## Section: New Results

### Structured Penalties for Log-linear Language Models

Participants : Anil Nelakanti [correspondent] , Cédric Archambeau, Francis Bach, Guillaume Bouchard.

Language models can be formalized as log-linear regression models where the input features represent previously observed contexts up to a certain length $m$. The complexity of existing algorithms to learn the parameters by maximum likelihood scale linearly in $nd$, where $n$ is the length of the training corpus and $d$ is the number of observed features. In [19] we present a model that grows logarithmically in $d$, making it possible to efficiently leverage longer contexts. We account for the sequential structure of natural language using tree-structured penalized objectives to avoid overfitting and achieve better generalization.

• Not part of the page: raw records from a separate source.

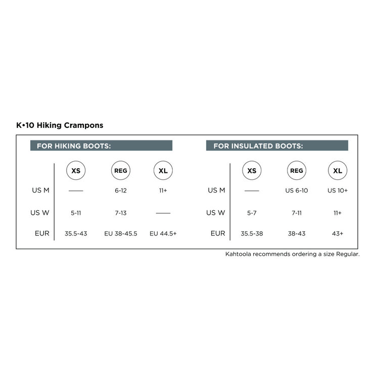 Take your hiking to the next level without the need for complicated bindings or straps. Thanks to Kahtoola's simple, yet secure, Quick-Fit Binding System, K10 is on and off in a flash with just the click of two buckles. So you don’t get bogged down when traveling over mixed, non-technical terrain. Paired with their patented LeafSpring® Flex Bar technology, K10’s binding system also allows the ankle and foot to move independently, ensuring maximum comfort and range of motion.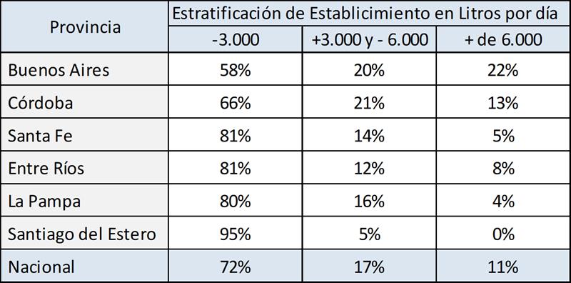 Puede verse en el cuadro siguiente al comparar con datos disponibles del año 2010, que en un extremo viene disminuyendo la participación tanto en cantidad de tambos como en el volumen de producción de las unidades productivas de menos de 2.000 litros diarios y en el otro extremo de la estratificación, se incrementa la participación de las unidades de más de 10.000 litros diarios, situación esta última, atemperada por la baja de producción en este último año.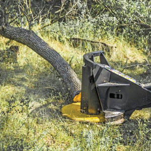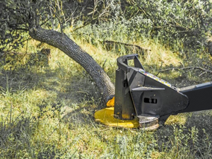 Maxx Tree Saw for skid steers, 38″ disk, 14″ cutting diameter, high-torque piston motor delivers 40% more torque, fixed or swing boom, with optional 5-gallon sprayer system.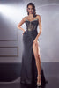 Indulge in the epitome of feminine elegance with the Cinderella Divine CDS423 gown. This strapless masterpiece features an intricately beaded bodice that showcases a sheer overlay adorned with exposed boning. The wide V-neckline accentuates your décolletage, while the illusion back adds a touch of allure with its mid-open design and central zipper fastening. Asymmetrical pleats grace the sheath skirt, adding dimension and movement to the silhouette. A daring high leg slit provides a playful glimpse of skin, adding a flirtatious touch to the ensemble. The dramatic sweeping train finishes the look with a touch of opulence, making you the epitome of sophisticated glamour.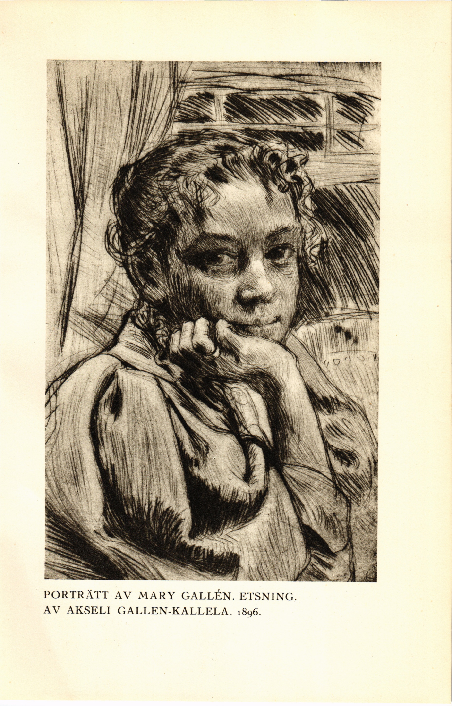 Full resolution (JPEG) - On this page / på denna sida - Tionde häftet - Porträtt av Mary Gallén. Etsning. Av Akseli Gallen-Kallela. 1896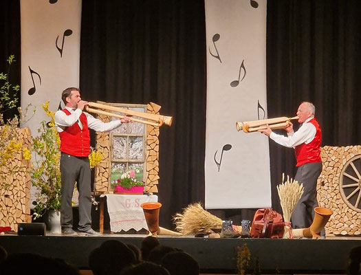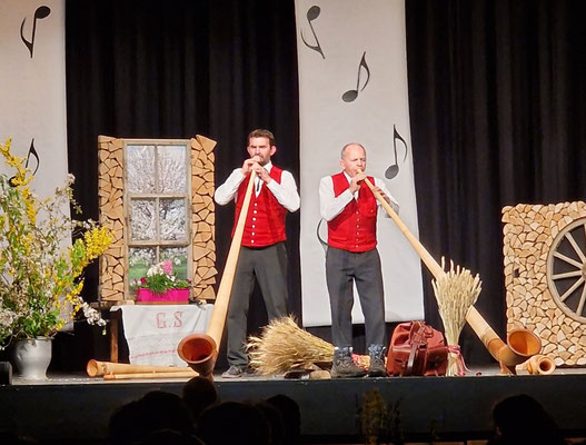 Das Alphornduo Sunneberg gab abwechselnd einige schöne Melodien auf dem Alphorn und dem Büchel zum Besten.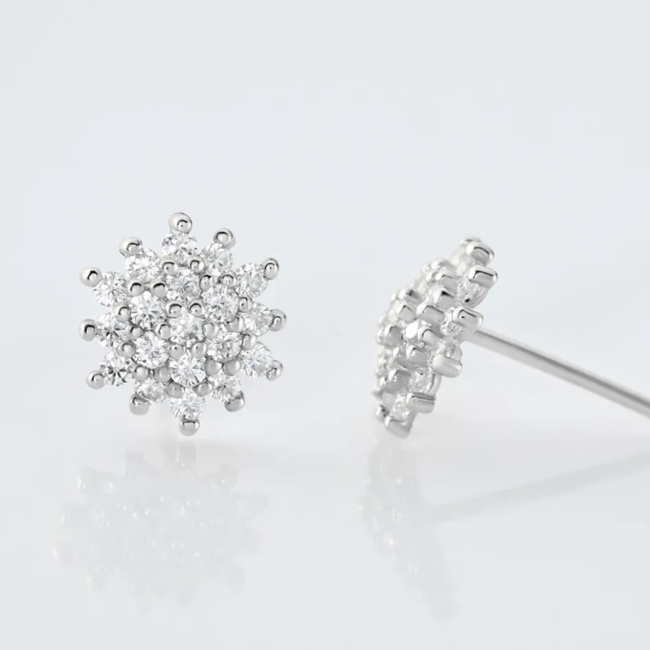 Boucles D’oreilles Puces Or Blanc 375/1000 Oxydes De Zirconium Serti Pavage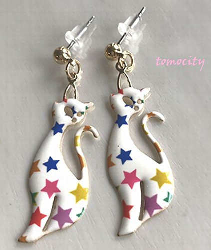 -. Feature : お座りしたスリムな白猫モチーフ、薄くて軽いピアスです / ぷっくり膨らんだフォルムと、カラフルな星柄の雰囲気が素敵 / シンプルなお洋服のアクセントにおすすめです / 猫のサイズ: およそ 35 mm / ピアス全長: およそ 45 mm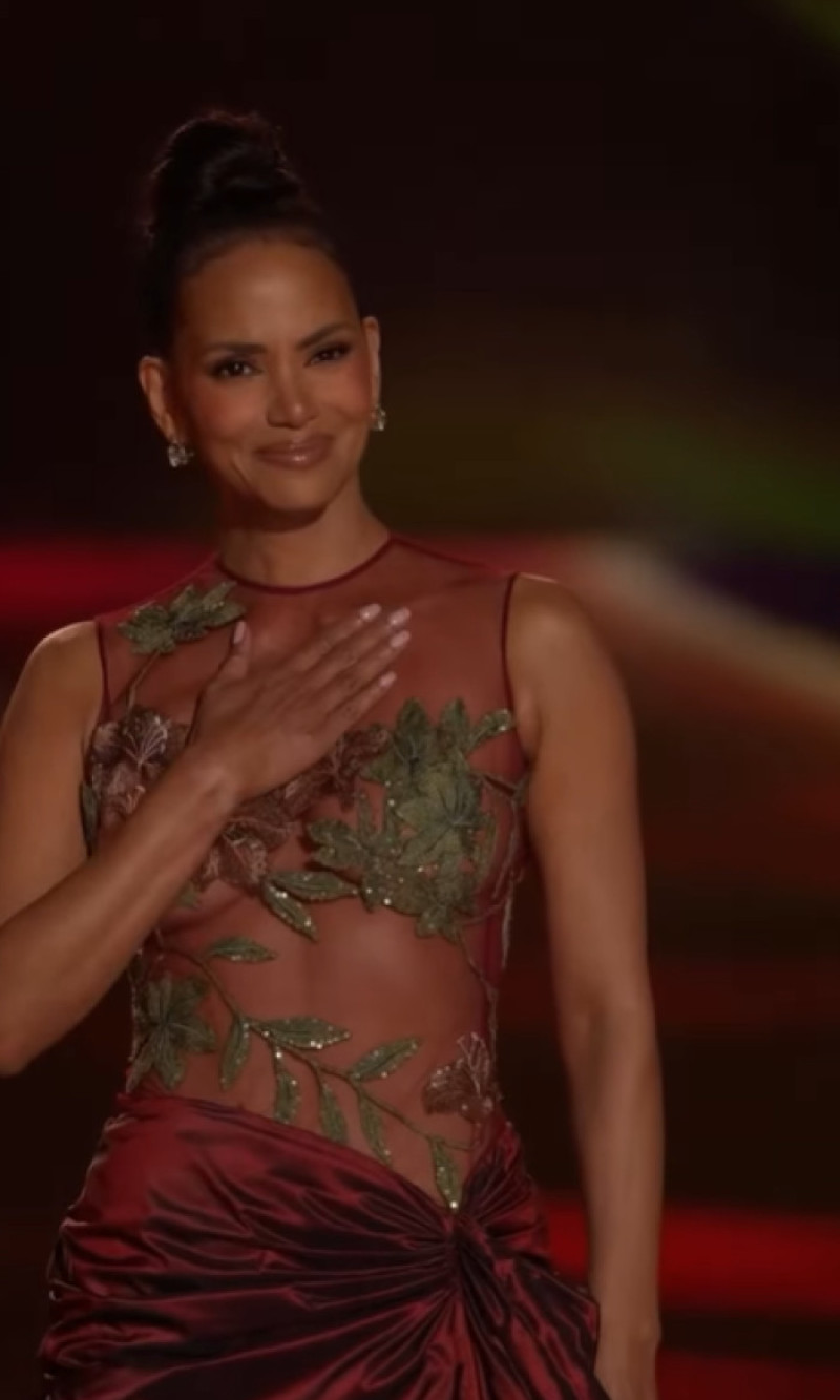 Imaginea publicată pe rețeaua X o surprinde pe Halle cocoțată pe o platformă plutitoare, deasupra apelor turcoaz ale Pacificului, purtând un costum de baie auriu. Actrița și-a completat ținuta cu o eșarfă alb-negru, ochelari de soare și câteva bijuterii argintii.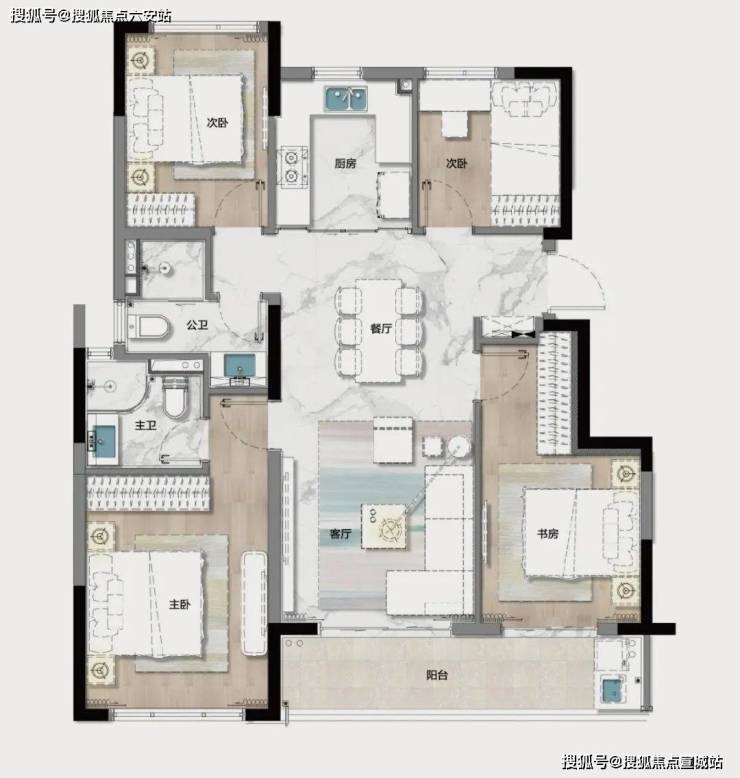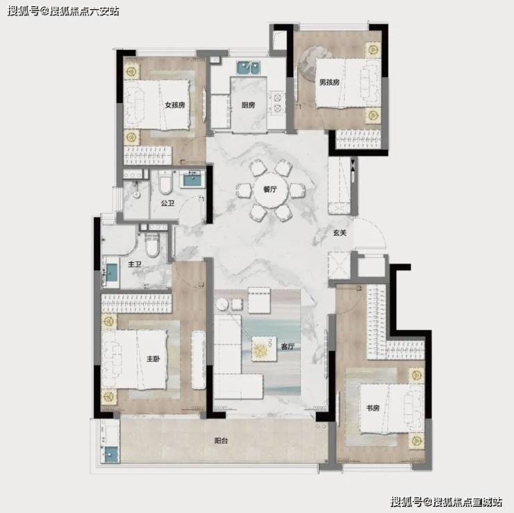 华元华昭府的户型设计灵活多变,满足不同购房者的需求。项目主力户型为建面约136平方米的精装小高层,采用经典四叶草户型设计,约10.3米面宽,约7.3米南向阳台的136㎡四房,几乎是以刚需的总价就可满足改善的需求。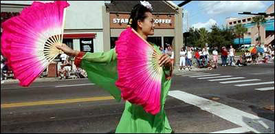 【明慧网2003年11月12日】11月7日,佛罗里达州的法轮功学员参加了位于Gainesville的佛罗里达大学“返校节”庆祝活动。佛大校报及当地最大的报纸均以醒目的图片显著报导了游行中的法轮功学员。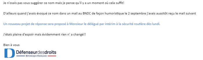 Et donc enfin, un troisième paragraphe, où l’on m’indique que je dois simplement continuer à contester les infractions qui me sont imputées, dont je n’ai généralement connaissance que quand on me saisit sur mes comptes, et dont Mme la Déléguée semble ignorer que chaque infraction doit se réaliser en 3 courriers recommandés (le premier à l’OMP de Rennes, le suivant pour demander la restitution des points et le 3e parfois pour demander le remboursement des sommes injustement prélevées) et qu’un recommandé coûte plus de 7 euros.

Language models are crucial parts of advanced natural language processing pipelines, such as speech recognition [45] , machine translation [47] , or information retrieval [92] . When a sequence of symbols is observed, a language model predicts the probability of occurrence of the next symbol in the sequence. Models based on so-called back-off smoothing have shown good predictive power [60] . In particular, Kneser-Ney (KN) and its variants [66] are still achieving state-of-the-art results for more than a decade after they were originally proposed. Smoothing methods are in fact clever heuristics that require tuning parameters in an ad-hoc fashion. Hence, more principled ways of learning language models have been proposed based on maximum entropy [50] or conditional random fields [81] , or by adopting a Bayesian approach [94] .

We focus on penalized maximum likelihood estimation in log-linear models.
In contrast to language models based on *unstructured* norms such as ${\ell}_{2}$ (quadratic penalties) or ${\ell}_{1}$ (absolute discounting), we use *tree-structured* norms [96] , [65] . Structured penalties have been successfully applied to various NLP tasks, including chunking and named entity recognition [74] , but not language modeling. Such penalties are particularly well-suited to this problem as they mimic the nested nature of word contexts. However, existing optimizing techniques are not scalable for large contexts $m$.

We show that structured tree norms provide an efficient framework for language modeling.
Furthermore, we give the first algorithm for structured ${\ell}_{\infty}$ tree norms with a complexity nearly linear in the number of nodes. This leads to a memory-efficient *and* time-efficient learning algorithm for generalized linear language models.